A wider bus-width device might be preferred if, for example, the sensor input is of high precision and digital filtering is required: this could rapidly ramp up the number of processor cycles required in a smaller core, with the result that a higher-performance device could complete the task much faster, and shut down to standby sooner.
Microchip also offers the SAML21/22 32-bit processors (ARM Cortex-M0+ parts from the company’s Atmel acquisition, running at up to 48 MHz) which consume just 32µA/MHz, so if these meet the application needs (they have lower peak performance than the PC32MX) then they present a good choice, especially if the design team already has ARM development experience.
Texas Instruments has a long-established track record of very low power MCUs in the MSP430 series, and continues to add to the range. The ability to “tune” an application for power is illustrated by features of the MSP430FG662x and MSP430FG642x devices, that have, in addition to Active mode; a Standby mode, where data is retained in RAM and the system can wakeup quickly; a shutdown mode, with the RTC (real-time clock) continuing to operate; and a very low power shutdown mode.

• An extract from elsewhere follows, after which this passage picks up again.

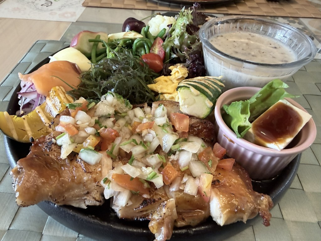 早午餐是套餐形式,一份主菜,搭配非常多樣的配菜。餐盤端上來的瞬間,真的會忍不住心裡冒出一句:「也太豐富了吧。」
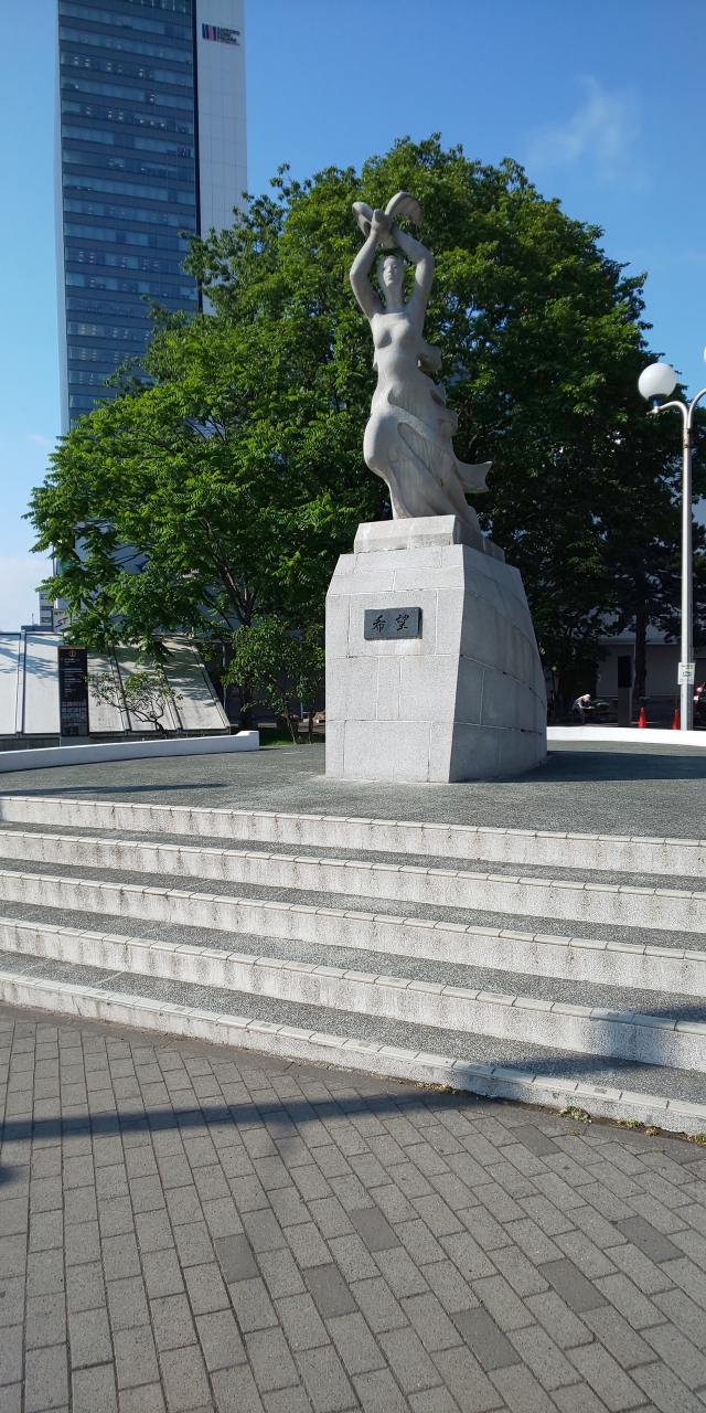 さっぽろテレビ塔の近くにある像です。石を彫って造られた像で、女性が鳥を両手に持って放そうとしている瞬間のような、そんなデザインとなっています。

At 3V, the active mode consumes 250µA/MHz (and the device can run up to 20MHz, for a current consumption of 5mA), the standby mode 3.4µA, and the shutdown modes 0.9µA and 0.2µA respectively. The most dramatic power saving is from active to standby, when power consumption can be reduced several-hundred-fold. However, the difference between standby and shutdown can be very important: at one level it is a further, almost four-fold, reduction in power – but it also allows the real-time clock to keep running, providing an essential feature to generate the “wake-up” command. Also in the data sheet is the time to wake from the standby condition, to full operating status; in this case, 3µs. During its “wake-up” period, the MCU will run at its “fully-active” current level. Waking the same (´662x) device from shutdown rather than standby takes 2ms , not 3µs. The designer’ calculation therefore has to balance the time spent in the “off” part of the duty cycle with the extra power need to return, to determine if stepping down to the deeper level is worthwhile.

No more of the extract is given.